* _TRY IT_: Your response is a verbatim copy of the listing, stripped of its images.

* _DATASET CONTENT_:
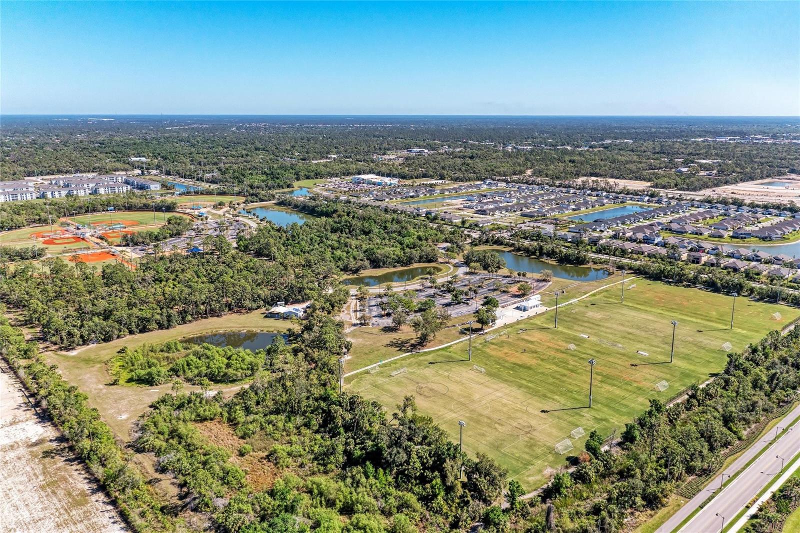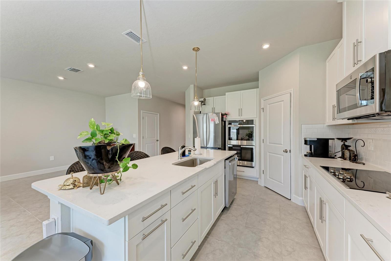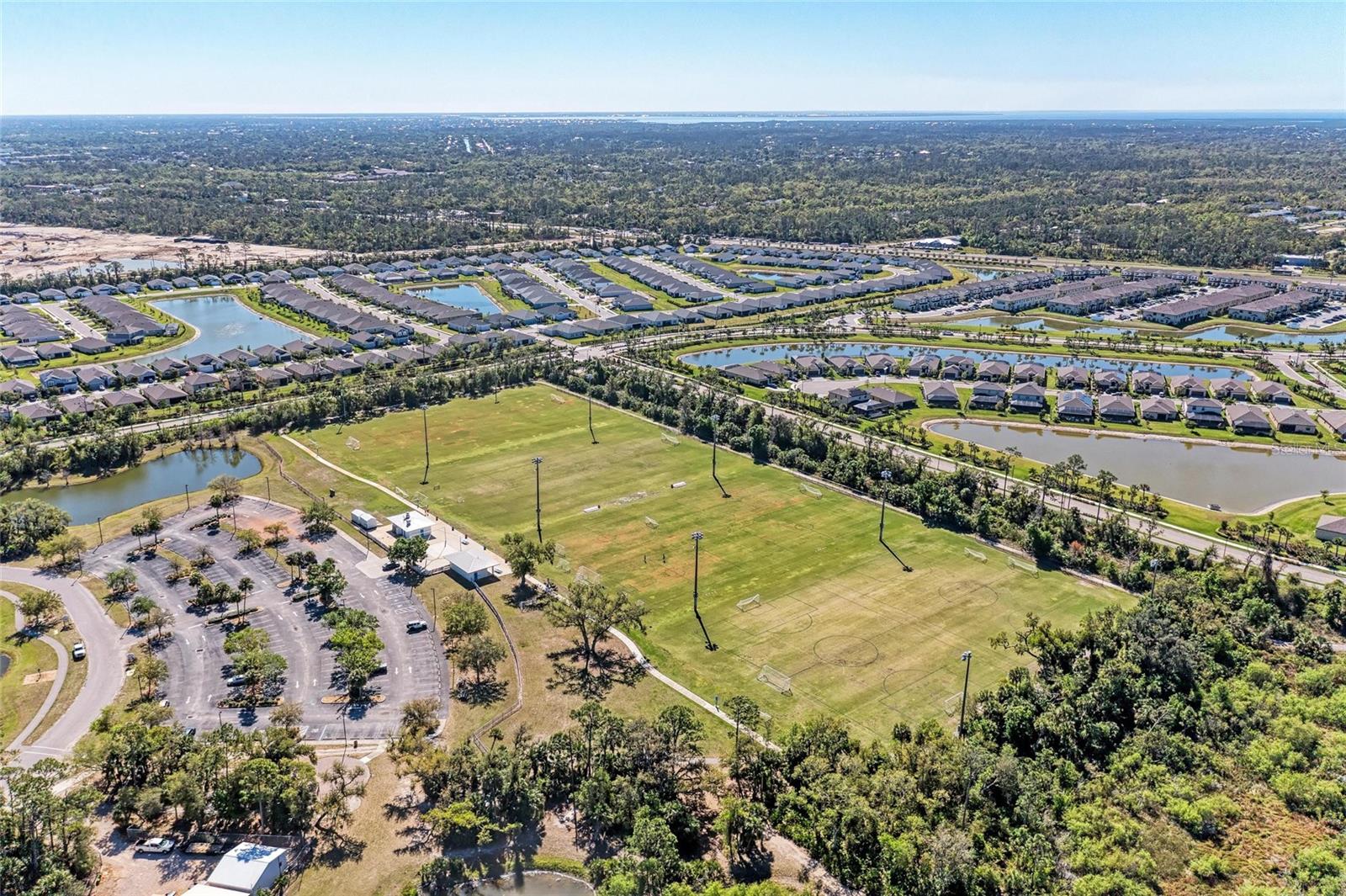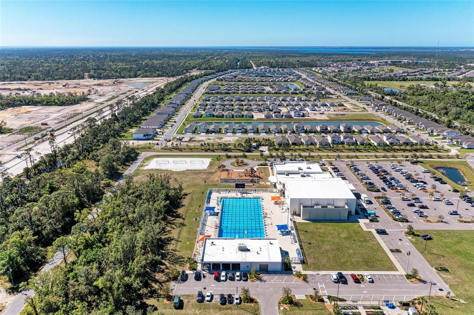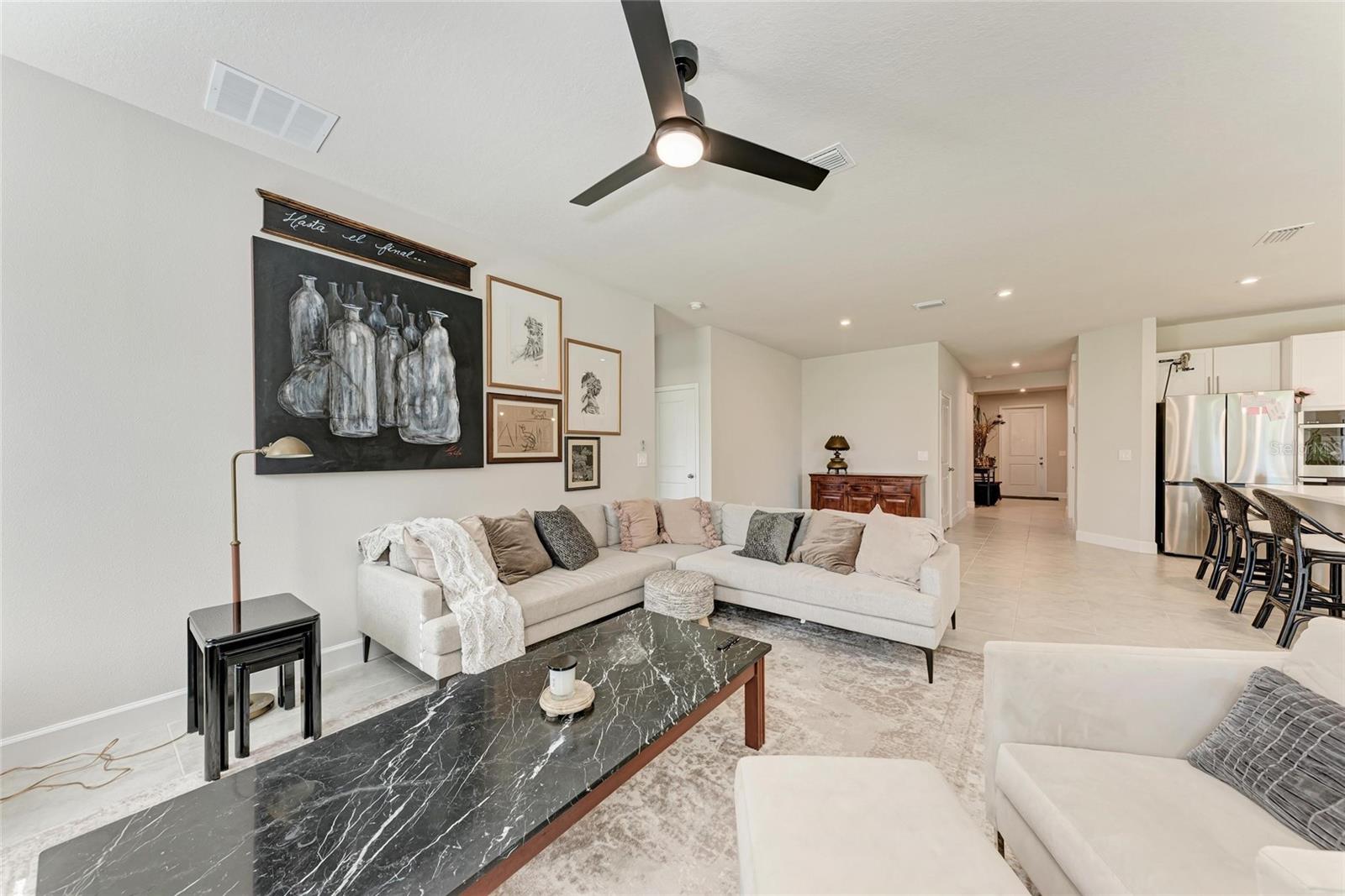 Welcome to this newly built Ryan model home, a perfect blend of modern design and relaxed Florida living in the sought-after West Port community. Constructed in 2024, this meticulously designed 3-bedroom, 2-bathroom residence with a 3-car garage offers all the advantages of new construction, paired with an inviting and functional layout. From the moment you arrive, the home's tasteful design is evident, featuring neutral colors, recessed lighting, and tile flooring throughout. The open-concept living, dining, and kitchen areas provide a seamless flow, all enhanced by recessed lighting for a bright and welcoming ambiance. The kitchen is equipped with modern appliances, including a Samsung refrigerator and a double oven, catering to all culinary needs. A spacious kitchen island adds additional seating and functionality, making it an ideal space for gatherings and everyday convenience. The adjacent dining area offers serene views of the backyard and direct access to the outdoors through sliding glass doors, allowing for effortless indoor-outdoor living. The primary bedroom serves as a tranquil retreat, featuring a generous walk-in closet and an en-suite bathroom with split vanities, ample cabinet space, above-mirror lighting, and a sleek walk-in shower. Two additional bedrooms provide plenty of space for family or guests, complete with upgraded closet storage for added convenience. A second full bathroom, mirroring the refined design of the primary bath, includes a double vanity and a tub with a shower. Additionally, a dedicated office space offers flexibility, easily adaptable to suit personal or professional needs. A separate laundry room, complete with a washer and dryer, enhances daily functionality, while the spacious three-car garage with an epoxy floor adds both modern appeal and practicality. At the back of the home, a covered and paved patio provides a peaceful outdoor space to relax and enjoy the surrounding tranquility. Adding to the appeal, this property is not in a flood zone and features a low HOA fee, offering both peace of mind and affordability. The location places Centennial Park and Recreation Center just minutes away, where residents can enjoy over 100 acres of outdoor and indoor activities, including a 50-meter competition lap pool, multi-purpose gymnasium with basketball and volleyball courts, pickleball, soccer fields, an 18-hole disc golf course, a fishing lake, playgrounds, and scenic nature trails. With Charlotte Harbor just a short drive away, along with nearby parks, shopping at Port Charlotte Town Center just three miles from home, and easy access to beautiful Gulf beaches, this exceptional property offers the perfect balance of convenience and embodies the best of Florida living.
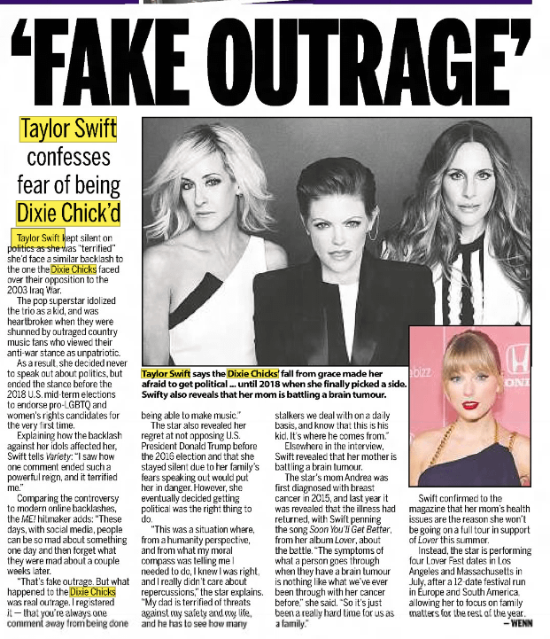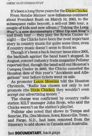 Taylor Swift, who shares the Chicks' concert promoter Lou Messina -- who had sold out to/left/sued Clear Channel in 1999-2000 -- said the band's blacklisting had "terrified" her as a young fan.
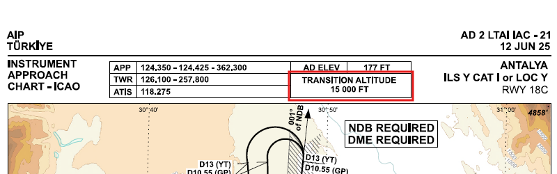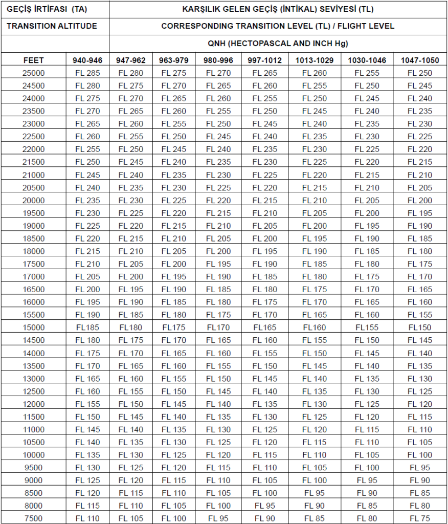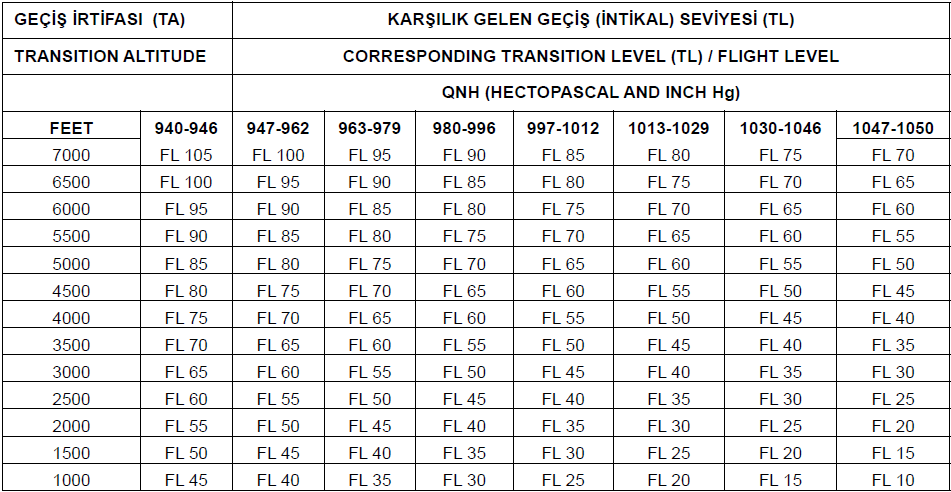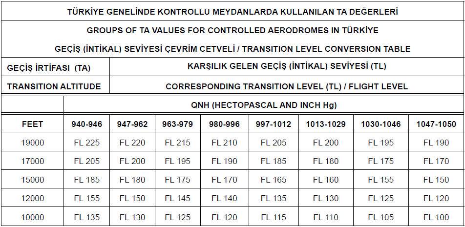 Not: Geçiş seviyesi, normal olarak hava araçlarına yaklaşma ve iniş müsaadeleri sırasında bildirilir.
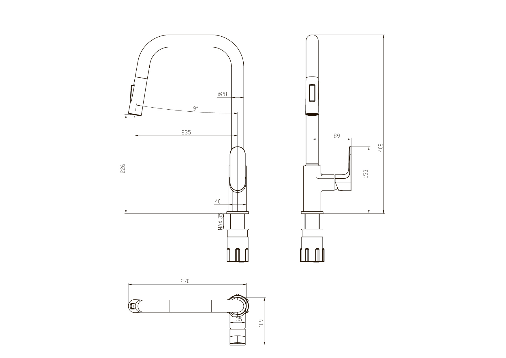 • поворотная головка выдвижного излива из нержавеющей стали

* _ANSWER_:
 Welcome to this newly built Ryan model home, a perfect blend of modern design and relaxed Florida living in the sought-after West Port community. Constructed in 2024, this meticulously designed 3-bedroom, 2-bathroom residence with a 3-car garage offers all the advantages of new construction, paired with an inviting and functional layout. From the moment you arrive, the home's tasteful design is evident, featuring neutral colors, recessed lighting, and tile flooring throughout. The open-concept living, dining, and kitchen areas provide a seamless flow, all enhanced by recessed lighting for a bright and welcoming ambiance. The kitchen is equipped with modern appliances, including a Samsung refrigerator and a double oven, catering to all culinary needs. A spacious kitchen island adds additional seating and functionality, making it an ideal space for gatherings and everyday convenience. The adjacent dining area offers serene views of the backyard and direct access to the outdoors through sliding glass doors, allowing for effortless indoor-outdoor living. The primary bedroom serves as a tranquil retreat, featuring a generous walk-in closet and an en-suite bathroom with split vanities, ample cabinet space, above-mirror lighting, and a sleek walk-in shower. Two additional bedrooms provide plenty of space for family or guests, complete with upgraded closet storage for added convenience. A second full bathroom, mirroring the refined design of the primary bath, includes a double vanity and a tub with a shower. Additionally, a dedicated office space offers flexibility, easily adaptable to suit personal or professional needs. A separate laundry room, complete with a washer and dryer, enhances daily functionality, while the spacious three-car garage with an epoxy floor adds both modern appeal and practicality. At the back of the home, a covered and paved patio provides a peaceful outdoor space to relax and enjoy the surrounding tranquility. Adding to the appeal, this property is not in a flood zone and features a low HOA fee, offering both peace of mind and affordability. The location places Centennial Park and Recreation Center just minutes away, where residents can enjoy over 100 acres of outdoor and indoor activities, including a 50-meter competition lap pool, multi-purpose gymnasium with basketball and volleyball courts, pickleball, soccer fields, an 18-hole disc golf course, a fishing lake, playgrounds, and scenic nature trails. With Charlotte Harbor just a short drive away, along with nearby parks, shopping at Port Charlotte Town Center just three miles from home, and easy access to beautiful Gulf beaches, this exceptional property offers the perfect balance of convenience and embodies the best of Florida living.
 Taylor Swift, who shares the Chicks' concert promoter Lou Messina -- who had sold out to/left/sued Clear Channel in 1999-2000 -- said the band's blacklisting had "terrified" her as a young fan.
 Not: Geçiş seviyesi, normal olarak hava araçlarına yaklaşma ve iniş müsaadeleri sırasında bildirilir.
 • поворотная головка выдвижного излива из нержавеющей стали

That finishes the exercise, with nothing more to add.